» **ABOUT THIS EXERCISE**: Restate the following entries exactly, including every line.

» **SUPPLIED ENTRIES**:
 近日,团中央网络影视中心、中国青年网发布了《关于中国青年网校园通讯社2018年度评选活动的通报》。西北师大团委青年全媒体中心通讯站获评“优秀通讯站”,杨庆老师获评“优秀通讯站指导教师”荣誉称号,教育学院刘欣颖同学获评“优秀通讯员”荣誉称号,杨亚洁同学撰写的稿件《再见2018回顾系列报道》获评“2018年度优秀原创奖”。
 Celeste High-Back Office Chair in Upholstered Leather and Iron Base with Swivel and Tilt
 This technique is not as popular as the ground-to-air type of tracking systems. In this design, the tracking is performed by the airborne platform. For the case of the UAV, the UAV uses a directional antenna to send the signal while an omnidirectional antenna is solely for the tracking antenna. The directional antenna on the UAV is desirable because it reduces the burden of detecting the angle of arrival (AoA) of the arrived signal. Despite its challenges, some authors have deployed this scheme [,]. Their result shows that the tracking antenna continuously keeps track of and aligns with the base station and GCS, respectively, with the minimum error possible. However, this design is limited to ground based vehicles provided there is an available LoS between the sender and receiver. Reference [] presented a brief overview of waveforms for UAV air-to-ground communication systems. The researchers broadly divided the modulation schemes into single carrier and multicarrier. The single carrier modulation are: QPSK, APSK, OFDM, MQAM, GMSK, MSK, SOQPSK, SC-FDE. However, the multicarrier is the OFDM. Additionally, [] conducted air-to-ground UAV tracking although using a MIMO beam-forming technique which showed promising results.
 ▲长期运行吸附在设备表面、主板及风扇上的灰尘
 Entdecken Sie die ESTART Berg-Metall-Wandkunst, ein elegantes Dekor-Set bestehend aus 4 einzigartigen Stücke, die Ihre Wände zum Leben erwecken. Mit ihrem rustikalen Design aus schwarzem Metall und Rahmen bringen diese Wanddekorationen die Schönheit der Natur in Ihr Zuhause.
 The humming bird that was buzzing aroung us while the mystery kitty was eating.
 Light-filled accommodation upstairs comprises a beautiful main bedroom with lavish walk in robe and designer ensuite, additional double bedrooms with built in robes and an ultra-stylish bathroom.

» **RESPONSE TO THE EXERCISE**:
 近日,团中央网络影视中心、中国青年网发布了《关于中国青年网校园通讯社2018年度评选活动的通报》。西北师大团委青年全媒体中心通讯站获评“优秀通讯站”,杨庆老师获评“优秀通讯站指导教师”荣誉称号,教育学院刘欣颖同学获评“优秀通讯员”荣誉称号,杨亚洁同学撰写的稿件《再见2018回顾系列报道》获评“2018年度优秀原创奖”。
 Celeste High-Back Office Chair in Upholstered Leather and Iron Base with Swivel and Tilt
 This technique is not as popular as the ground-to-air type of tracking systems. In this design, the tracking is performed by the airborne platform. For the case of the UAV, the UAV uses a directional antenna to send the signal while an omnidirectional antenna is solely for the tracking antenna. The directional antenna on the UAV is desirable because it reduces the burden of detecting the angle of arrival (AoA) of the arrived signal. Despite its challenges, some authors have deployed this scheme [,]. Their result shows that the tracking antenna continuously keeps track of and aligns with the base station and GCS, respectively, with the minimum error possible. However, this design is limited to ground based vehicles provided there is an available LoS between the sender and receiver. Reference [] presented a brief overview of waveforms for UAV air-to-ground communication systems. The researchers broadly divided the modulation schemes into single carrier and multicarrier. The single carrier modulation are: QPSK, APSK, OFDM, MQAM, GMSK, MSK, SOQPSK, SC-FDE. However, the multicarrier is the OFDM. Additionally, [] conducted air-to-ground UAV tracking although using a MIMO beam-forming technique which showed promising results.
 ▲长期运行吸附在设备表面、主板及风扇上的灰尘
 Entdecken Sie die ESTART Berg-Metall-Wandkunst, ein elegantes Dekor-Set bestehend aus 4 einzigartigen Stücke, die Ihre Wände zum Leben erwecken. Mit ihrem rustikalen Design aus schwarzem Metall und Rahmen bringen diese Wanddekorationen die Schönheit der Natur in Ihr Zuhause.
 The humming bird that was buzzing aroung us while the mystery kitty was eating.
 Light-filled accommodation upstairs comprises a beautiful main bedroom with lavish walk in robe and designer ensuite, additional double bedrooms with built in robes and an ultra-stylish bathroom.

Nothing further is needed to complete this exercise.